Generative AI-Driven Molecular Design: Combining Predictive Models and Reinforcement Learning for Tailored Molecule Generation

Teslim Olayiwola,Miriam Nnadili,Jose Romagnoli,Andrew Okafor,David Akinpelu
DOI: https://doi.org/10.26434/chemrxiv-2023-wcrv3
2023-11-17
Abstract:Molecular design is a critical aspect of various scientific and industrial fields, where the properties of molecules hold significant importance. In this study, a three-fold methodology design is presented that leverages the power of generative artificial intelligence (AI), predictive modeling, and reinforcement learning to create tailored molecules with desired properties. This model synergistically combines deep learning techniques with Self-Referencing Embedded Strings (SELFIES) molecular representation to build a generative model which generates valid molecules and a graphical neural network model that accurately forecasts molecular properties. The Variational Autoencoder (VAE) coupled with reinforcement learning, helps refine molecule generation based on targeted attributes. Data from an experimental study involving surfactants was used to test the framework. Saliency maps for the generated surfactants were produced to identify the features explaining the property values. The results showed that the proposed framework can effectively produce valid molecules within the set property threshold value. This approach not only streamlines molecular design for surfactant systems but also augurs transformative advancements across different scientific and industrial landscapes.
Chemistry
What problem does this paper attempt to address?
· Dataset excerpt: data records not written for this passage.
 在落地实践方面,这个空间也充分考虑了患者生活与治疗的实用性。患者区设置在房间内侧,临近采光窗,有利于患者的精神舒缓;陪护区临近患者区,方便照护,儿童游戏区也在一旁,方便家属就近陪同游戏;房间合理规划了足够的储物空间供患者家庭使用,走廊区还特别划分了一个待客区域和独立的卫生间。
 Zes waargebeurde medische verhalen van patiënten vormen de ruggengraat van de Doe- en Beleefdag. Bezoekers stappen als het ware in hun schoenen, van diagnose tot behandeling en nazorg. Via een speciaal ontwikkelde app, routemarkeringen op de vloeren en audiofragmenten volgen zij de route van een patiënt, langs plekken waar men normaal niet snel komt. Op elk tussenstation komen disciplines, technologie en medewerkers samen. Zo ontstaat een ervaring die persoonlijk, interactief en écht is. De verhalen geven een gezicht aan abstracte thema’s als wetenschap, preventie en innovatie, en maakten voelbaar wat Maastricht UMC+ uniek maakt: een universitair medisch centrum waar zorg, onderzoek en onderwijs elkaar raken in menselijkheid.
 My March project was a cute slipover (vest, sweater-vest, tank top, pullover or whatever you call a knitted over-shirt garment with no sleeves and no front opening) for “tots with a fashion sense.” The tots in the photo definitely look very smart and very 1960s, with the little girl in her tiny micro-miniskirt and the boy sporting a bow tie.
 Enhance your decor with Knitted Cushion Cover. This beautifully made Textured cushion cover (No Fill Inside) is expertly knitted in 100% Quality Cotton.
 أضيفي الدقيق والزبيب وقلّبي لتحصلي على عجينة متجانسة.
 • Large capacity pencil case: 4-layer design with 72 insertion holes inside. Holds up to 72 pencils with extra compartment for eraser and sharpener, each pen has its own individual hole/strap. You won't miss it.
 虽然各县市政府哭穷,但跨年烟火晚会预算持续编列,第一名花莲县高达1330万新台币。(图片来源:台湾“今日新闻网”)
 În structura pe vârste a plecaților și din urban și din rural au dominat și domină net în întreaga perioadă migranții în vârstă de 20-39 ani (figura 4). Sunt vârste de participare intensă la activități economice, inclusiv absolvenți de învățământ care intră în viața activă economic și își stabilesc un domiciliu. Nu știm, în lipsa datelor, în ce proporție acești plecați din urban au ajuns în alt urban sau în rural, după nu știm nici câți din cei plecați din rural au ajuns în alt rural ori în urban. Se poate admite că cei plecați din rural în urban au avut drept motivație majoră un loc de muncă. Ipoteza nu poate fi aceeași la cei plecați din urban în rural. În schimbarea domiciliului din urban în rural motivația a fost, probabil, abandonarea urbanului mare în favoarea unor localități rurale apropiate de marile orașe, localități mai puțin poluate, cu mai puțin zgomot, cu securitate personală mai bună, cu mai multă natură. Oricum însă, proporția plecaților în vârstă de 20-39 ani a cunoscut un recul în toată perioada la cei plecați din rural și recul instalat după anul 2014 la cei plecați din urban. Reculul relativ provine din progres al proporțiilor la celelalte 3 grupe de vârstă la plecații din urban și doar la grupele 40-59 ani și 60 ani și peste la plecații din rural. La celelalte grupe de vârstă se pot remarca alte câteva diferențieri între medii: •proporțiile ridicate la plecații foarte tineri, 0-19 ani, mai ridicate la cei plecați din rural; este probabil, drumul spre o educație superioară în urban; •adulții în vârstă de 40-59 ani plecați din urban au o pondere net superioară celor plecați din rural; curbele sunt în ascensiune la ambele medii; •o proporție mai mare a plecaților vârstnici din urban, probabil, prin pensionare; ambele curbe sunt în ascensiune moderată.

The paper aims to address the problem of how to use artificial intelligence (AI) to generate molecules with specific attributes. The research proposes a triple approach that combines predictive models, reinforcement learning, and generative AI to create customized molecules. Specifically, it uses deep learning techniques along with SELFIES (a string representation that guarantees the generation of valid molecules) to build a generative model, and predicts molecular properties through variational autoencoders (VAE) and graph neural networks (GNN). Molecular generation is optimized based on target attributes through reinforcement learning. The experiments demonstrate that this framework can effectively generate valid molecules within set thresholds, particularly in designing surfactant molecules with low critical micelle concentration (CMC). This approach not only simplifies the process of designing specific molecules but also indicates potential transformations in various scientific and industrial fields.